Para o ex-presidente do Governo (2012-2020), “a hora é do Governo Regional [PSD/CDS-PP/PPM] se chegar à frente antes que seja tarde para muitas famílias e empresas dos Açores”, mas “prefere aguardar”, enquanto o PS considera que “o tempo é este”, avançando com o “Plano de Emergência Social e Económica dos Açores, de quase 50 milhões de euros destinado a ajudar as famílias, as empresas e as instituições de solidariedade social e misericórdias dos Açores a ultrapassarem a crise financeira”.

Vasco Cordeiro garantiu que “não significa necessariamente” que os socialistas estão “contra outras medidas de apoio” a famílias e empresas, mas recusa o caminho seguido pelo Governo.

“Pedem-nos que, em nome da responsabilidade, votemos a favor de dois documentos que constituem a expressão institucional deste caminho para onde o Governo Regional arrasta a nossa região. Não! É exatamente pelo sentido de responsabilidade que temos que não podemos alinhar neste estado de coisas”, vincou.

“Nós não vamos por aí. Aqui dentro deste parlamento, cada um decidirá o que fazer. Nós não podemos ir por aí”, insistiu.

De acordo com o também líder do PS/Açores, “o Governo apresenta-se hoje derrotado perante si próprio e perante os açorianos, confrontado com as consequências da sua incapacidade que levam a uma taxa de execução historicamente baixa” daquele que foi apresentado como “o maior plano de sempre da história da Autonomia [o de 2022]”.

“Este é um Governo que se revela incapaz de fazer e demasiado desconfiado para deixar fazer”, assinalou.

De acordo com o socialista, “o secretário regional do partido A não confia no diretor regional do partido B que, por sua vez, só fala com o secretário regional C, que sendo doutra área, é, no entanto, do seu partido”.

“E assim julga o Governo Regional que vai andando, quando, na verdade, se arrasta e arrasta a região na sua incapacidade de operacionalizar ou de decidir, mas, sobretudo, na incapacidade de fazer”, lamentou.

Quanto ao endividamento zero previsto no Orçamento para 2023, Vasco Cordeiro diz que se trata de uma imposição legal, porque “a dívida pública da região já ultrapassou o valor de mais de metade do valor da riqueza que criou no último ano em que existem dados publicados”.

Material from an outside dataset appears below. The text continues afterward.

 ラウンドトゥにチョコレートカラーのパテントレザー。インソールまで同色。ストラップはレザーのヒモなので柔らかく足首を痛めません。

“Na atual conjuntura social e económica, a região não pode deixar de fazer tudo o que estiver ao seu alcance para colocar-se inequivocamente ao lado das famílias e das empresas para ajudá-las a ultrapassar a tormenta que já aí está. O Governo regional está hesitante. Adota medidas a medo, hesita, demora-se, age o mais tarde possível e, algumas vezes, age tarde demais”, descreve.

Quanto ao Plano de Emergência do PS, Vasco Cordeiro diz que “é uma solução forte, robusta e que contempla diversos apoios sociais que são imperativos face às hesitações e ao medo do Governo se chegar à frente pelos açorianos”.

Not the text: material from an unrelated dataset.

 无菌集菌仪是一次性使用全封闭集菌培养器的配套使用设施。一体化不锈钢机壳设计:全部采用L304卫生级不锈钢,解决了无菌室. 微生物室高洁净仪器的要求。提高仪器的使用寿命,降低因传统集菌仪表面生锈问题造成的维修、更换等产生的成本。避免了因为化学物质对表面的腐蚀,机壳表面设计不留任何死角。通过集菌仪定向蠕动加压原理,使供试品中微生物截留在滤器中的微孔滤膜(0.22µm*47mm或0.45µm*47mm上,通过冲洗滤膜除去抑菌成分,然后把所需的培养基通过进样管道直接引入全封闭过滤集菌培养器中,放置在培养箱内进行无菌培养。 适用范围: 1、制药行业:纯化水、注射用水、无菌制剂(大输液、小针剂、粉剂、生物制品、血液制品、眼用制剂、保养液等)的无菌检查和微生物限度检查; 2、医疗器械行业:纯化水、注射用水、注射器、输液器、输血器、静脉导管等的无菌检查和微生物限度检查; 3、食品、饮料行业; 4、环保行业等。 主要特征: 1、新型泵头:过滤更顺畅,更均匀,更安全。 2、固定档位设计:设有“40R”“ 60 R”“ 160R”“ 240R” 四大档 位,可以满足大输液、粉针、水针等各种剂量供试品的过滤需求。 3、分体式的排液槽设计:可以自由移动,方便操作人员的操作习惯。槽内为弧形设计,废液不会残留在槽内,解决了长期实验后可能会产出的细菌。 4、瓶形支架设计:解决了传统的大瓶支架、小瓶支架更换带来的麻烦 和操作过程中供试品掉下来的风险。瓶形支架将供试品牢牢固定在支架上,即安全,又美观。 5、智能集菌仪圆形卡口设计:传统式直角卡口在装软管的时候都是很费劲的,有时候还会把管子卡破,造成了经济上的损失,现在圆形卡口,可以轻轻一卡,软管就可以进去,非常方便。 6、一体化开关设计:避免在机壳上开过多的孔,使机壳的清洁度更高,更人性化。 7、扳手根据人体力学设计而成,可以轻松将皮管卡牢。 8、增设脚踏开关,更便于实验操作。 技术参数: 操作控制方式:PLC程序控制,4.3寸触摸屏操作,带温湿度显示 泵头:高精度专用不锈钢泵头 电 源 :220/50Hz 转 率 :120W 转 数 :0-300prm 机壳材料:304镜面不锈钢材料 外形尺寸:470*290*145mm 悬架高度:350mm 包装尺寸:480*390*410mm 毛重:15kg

O Orçamento dos Açores para 2023, de cerca de 1,9 mil milhões de euros, começou na segunda-feira a ser debatido no parlamento regional, onde a votação deve começar na quinta-feira.

A Assembleia Legislativa dos Açores é composta por 57 deputados e, na atual legislatura, 25 são do PS, 21 do PSD, três do CDS-PP, dois do PPM, dois do BE, um da Iniciativa Liberal, um do PAN, um do Chega e um deputado independente (eleito pelo Chega).

PSD, CDS-PP e PPM, que juntos representam 26 deputados, assinaram um acordo de governação.

A coligação assinou ainda um acordo de incidência parlamentar com o Chega e com o deputado independente Carlos Furtado (ex-Chega) e o PSD um acordo com a IL.